1. Edible oil particles and aggregates thereof, consisting of edible oil (limited to those that are liquid at room temperature) and an oil gelling agent.

2. The edible oil particles and aggregates thereof according to claim 1, wherein the oil gelling agent is an amphiphilic compound mainly composed of polyglycerin fatty acid ester.

3. The edible oil particles and aggregates thereof according to claim 2, wherein the mass ratio of the oil gelling agent to the edible oil (mass of oil gelling agent / mass of oil) is 0.02 or more and 0.10 or less.

4. The edible oil particles and aggregates thereof according to claim 3, wherein the mass ratio of the oil gelling agent to the edible oil (mass of oil gelling agent / mass of oil) is 0.03 or more and 0.09 or less.

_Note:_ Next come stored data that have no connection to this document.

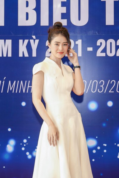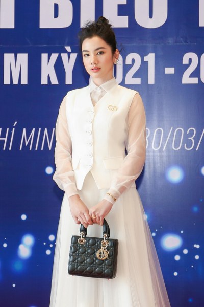 Xuất hiện tại sự kiện, Minh Tú chọn cho mình chiếc đầm phồng màu trắng cùng với áo khoác thanh lịch. Với phong cách thanh lịch, nhã nhặn, chân dài chọn kiểu tóc búi cao gọn gàng và lỗi trang điểm nhẹ tôn lên thần thái kiêu kỳ, lịch thiệp.
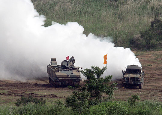 资料图片 2009年6月4日,韩国海军陆战队在韩国龙平岛举行大规模军事演习。
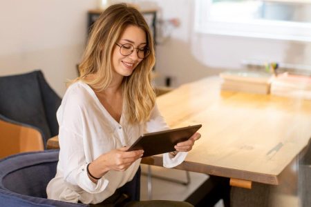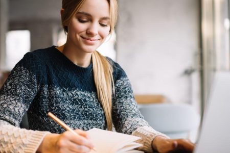 Beautiful Woman Studying Online
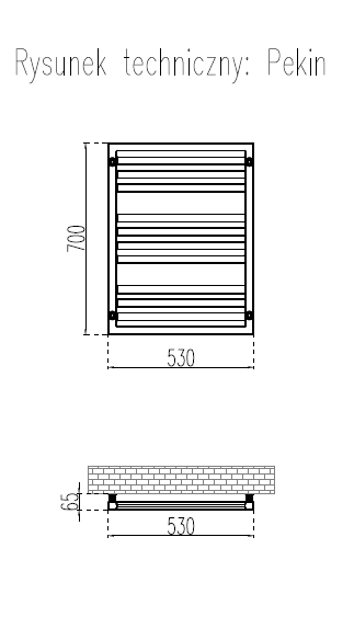 Model: Pekin; Marka: Rapdach; Wysokość: 70cm; Szerokość: 53cm; Rozstaw przyłączy: 50 lub 500mm; Moc cieplna: 398W; Pojemność: 2.7l; Waga: 8.2kg; Kolor: Czarny;
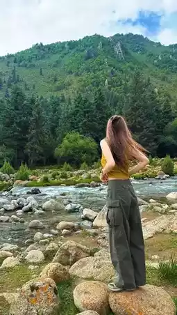 ◦ Stream Symphony: Use a slow shutter (1/15 second) to shoot silky water flow downstream of the waterfall. Have the subject sit on a rock with flowing water in the foreground to highlight the balance of motion and tranquility.
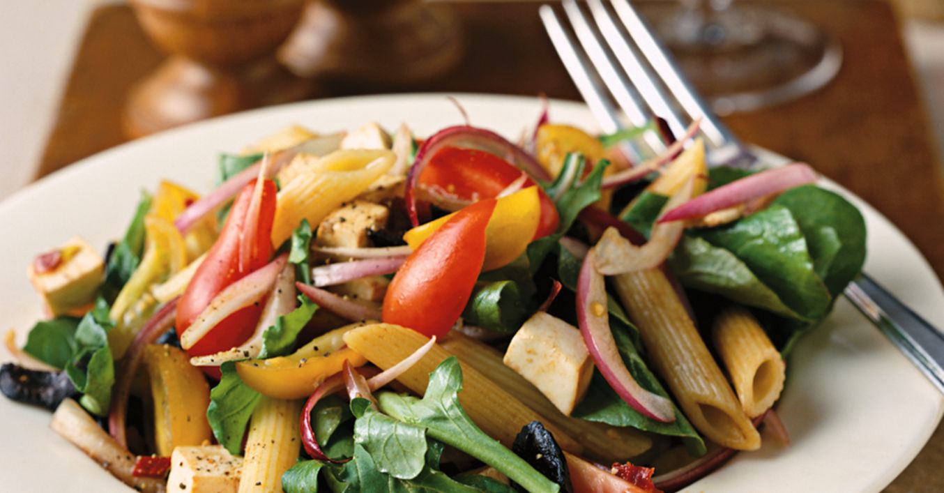 Salată de paste cu rucola, roșii și cașcaval afumat

5. A method for producing edible oil particles and aggregates thereof, comprising the steps i) to iV) below. i) A step of preparing an aqueous solution of the thickener by dissolving the aqueous thickener in water, ii) Next, the edible oil, oil gelling agent, and the aqueous solution of the thickening agent are stirred and mixed to form a mixture above the melting point of the oil gelling agent, thereby creating a suspension of edible oil particles in the aqueous phase. iii) Next, the suspension is cooled to room temperature. iv) Next, a step of separating and recovering edible oil particles or aggregates thereof from the suspension.

6. A method for producing edible oil particles and aggregates thereof according to claim 5, wherein the viscosity range of the aqueous solution of the thickening agent is 550 mPa·s or more and 13,890 mPa·s or less.

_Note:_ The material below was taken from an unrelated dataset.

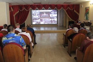 В актовом зале 3 корпуса дома-интерната проживающие смогли посмотреть презентацию «И память. И подвиг. И боль на века». Ведущая с помощью видео «Набат войны нам вновь стучит сердца» рассказала зрителям о начале Великой Отечественной войны, о тех испытаниях, которые выпали на долю советского народа. Участники мероприятия прослушали сообщение Левитана о начале войны, а также песни и стихи военных лет.
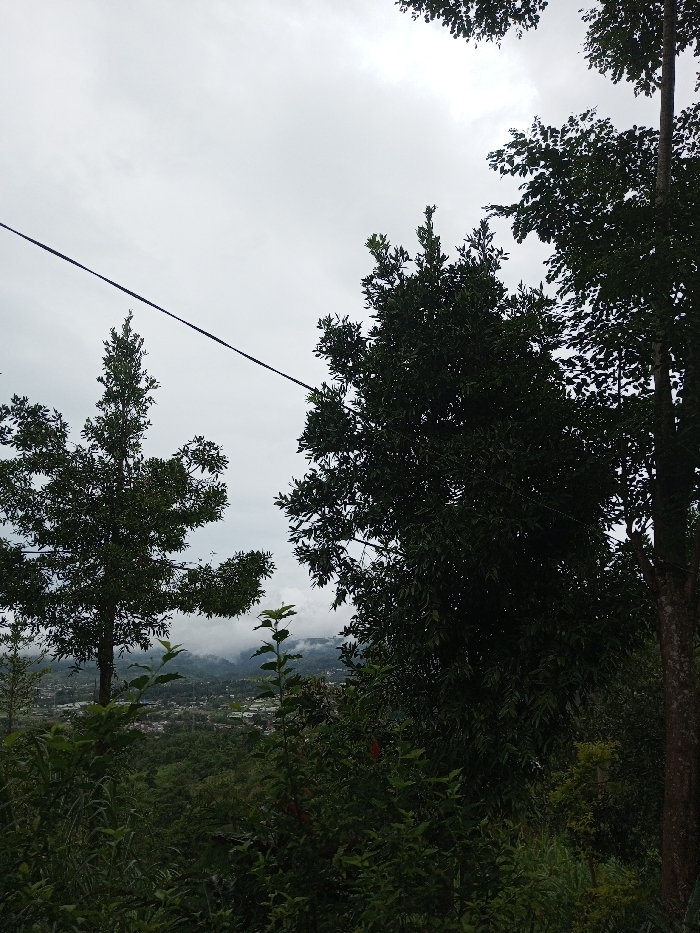 The image displays an elevated vantage point overlooking the city of Ambakirano, Madagascar, under an overcast sky. The foreground is dominated by dense, dark green foliage and tree trunks, framing the view. A black cable extends horizontally across the upper-mid portion of the frame. In the midground, a sprawling urban settlement composed of numerous buildings, some with light-colored roofs, is visible nestled within a valley or among lower hills. Distant rolling hills and mountains, partially obscured by low-hanging clouds or mist, form the background. The sky is uniformly grey and overcast. There are no individuals, animals, or discernible actions present in the scene.

7. A method for producing edible oil particles and aggregates thereof according to claim 6, wherein the mass ratio of the oil gelling agent to the edible oil (mass of oil gelling agent / mass of edible oil) is in the range of 0.02 to 0.

10.

8. A method for producing edible oil particles and aggregates thereof according to claim 7, wherein the viscosity range of the aqueous solution of the thickening agent is 900 mPa·s or more and 11,530 mPa·s or less, and the mass ratio of the oil gelling agent to the edible oil (mass of oil gelling agent / mass of edible oil) is in the range of 0.03 to 0.09.